Molecular drivers of fusion plasmid: mechanistic insights and evolutionary implications.

Plasmid fusion, the recombination of distinct plasmids into a single plasmid, constitutes a critical mechanism shaping bacterial evolution. This process facilitates genetic resource consolidation, enabling bacterial populations to rapidly adapt to selective pressures such as antibiotic exposure. The growing recognition of plasmid fusion as a widespread genomic recombination event necessitates a comprehensive analysis of its prerequisites, molecular mechanisms, and functional consequences. This review synthesizes current knowledge on the triggers, molecular mechanisms, and outcomes of plasmid fusion. We demonstrate that conjugative transfer and antibiotic selection pressure drive plasmid fusion via DNA double-strand breaks and SOS response activation, with formation mechanisms dominated by insertion sequence-mediated homologous recombination or transposon-mediated recombination. Fusion plasmids amplify antimicrobial resistance (AMR) dissemination by creating multidrug-resistant megaplasmids, enable cross-host transfer of non-conjugative plasmids, and foster virulence-resistance hybrid elements.

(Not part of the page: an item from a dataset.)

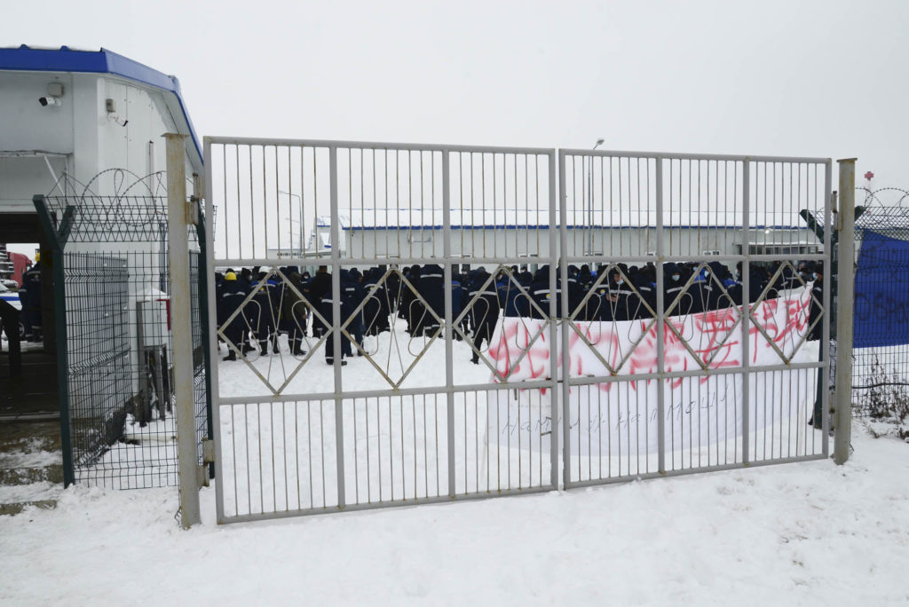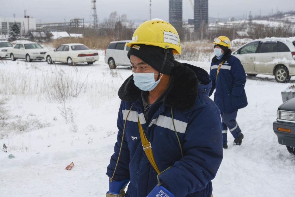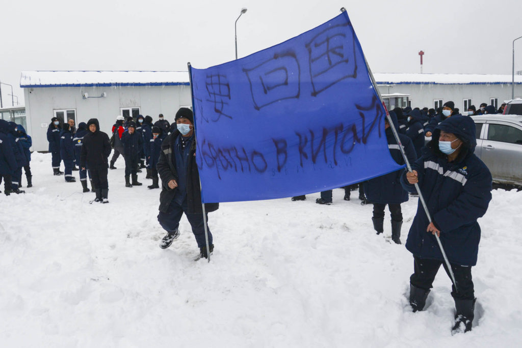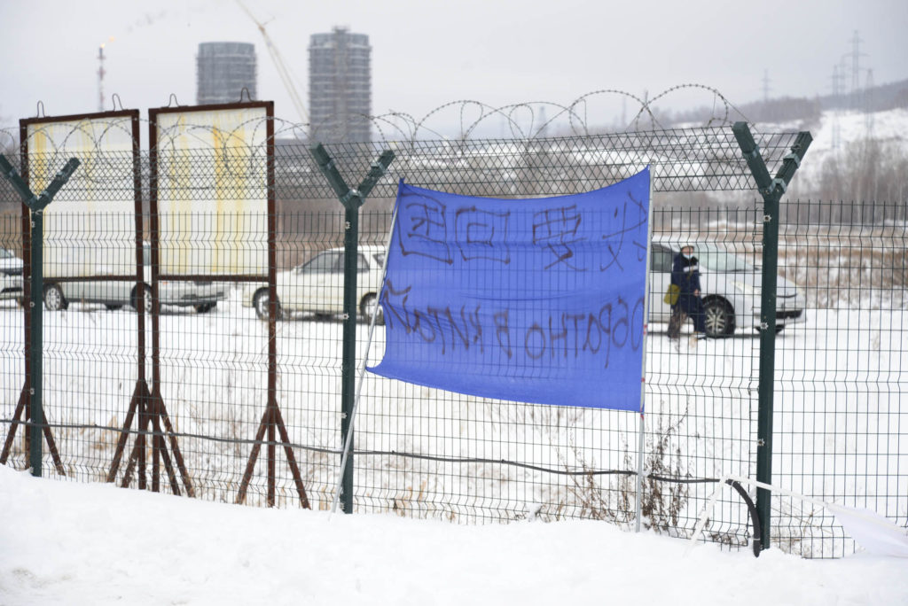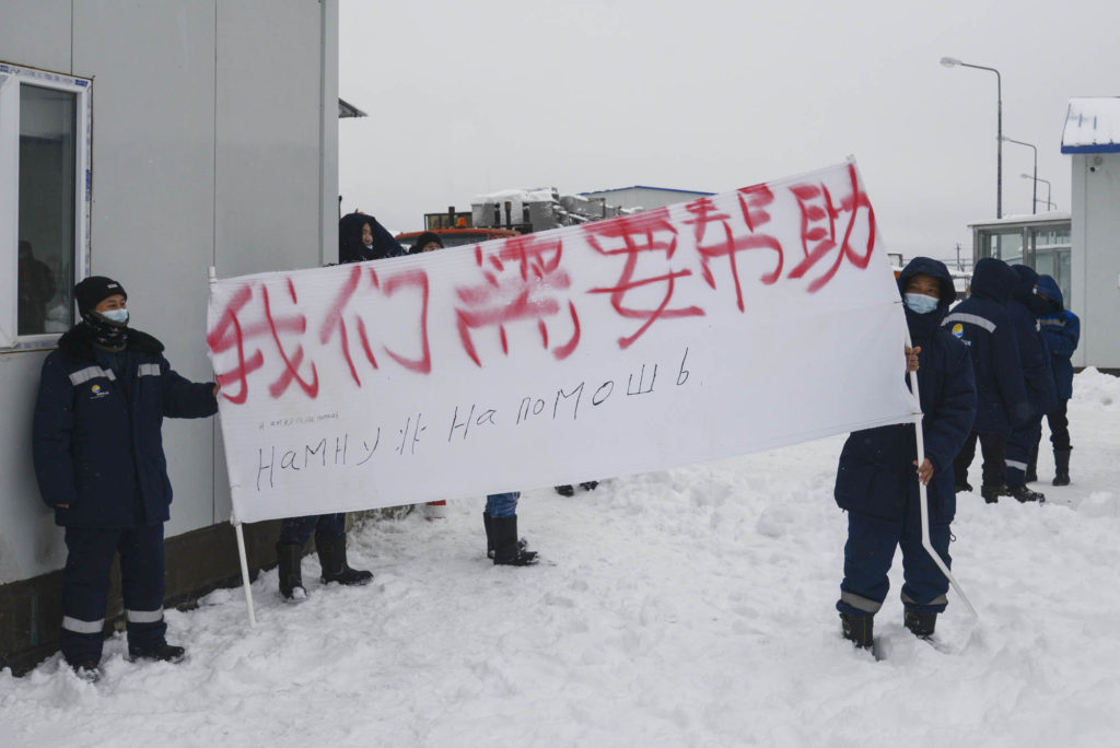 Сквозь забор городка было прекрасно видно: на его территории действительно стоит большая группа китайских рабочих. Кстати, практически все они были в медицинских масках. Толпа явно была перевозбуждена. Увидев журналистов, рабочие развернули в нашу сторону транспаранты с надписями, сделанными на китайском и русском языках: «Обратно в Китай» и «Нам нужна помощь». К сожалению, мы не смогли найти ни одного рабочего, кто свободно говорил бы по-русски. Но те, кто выходил за пределы проходной, в ответ на просьбу обрисовать ситуацию писали на снегу слово «SOS».

Furthermore, we propose a novel framework for investigating, specifically addressing how fusion plasmids achieve compensatory mechanisms to balance functional redundancies among critical genetic modules. Elucidating the evolutionary drivers underlying the pervasive dissemination of fusion plasmids will not only advance our understanding of their ecological success but also identify critical intervention targets to disrupt their dissemination.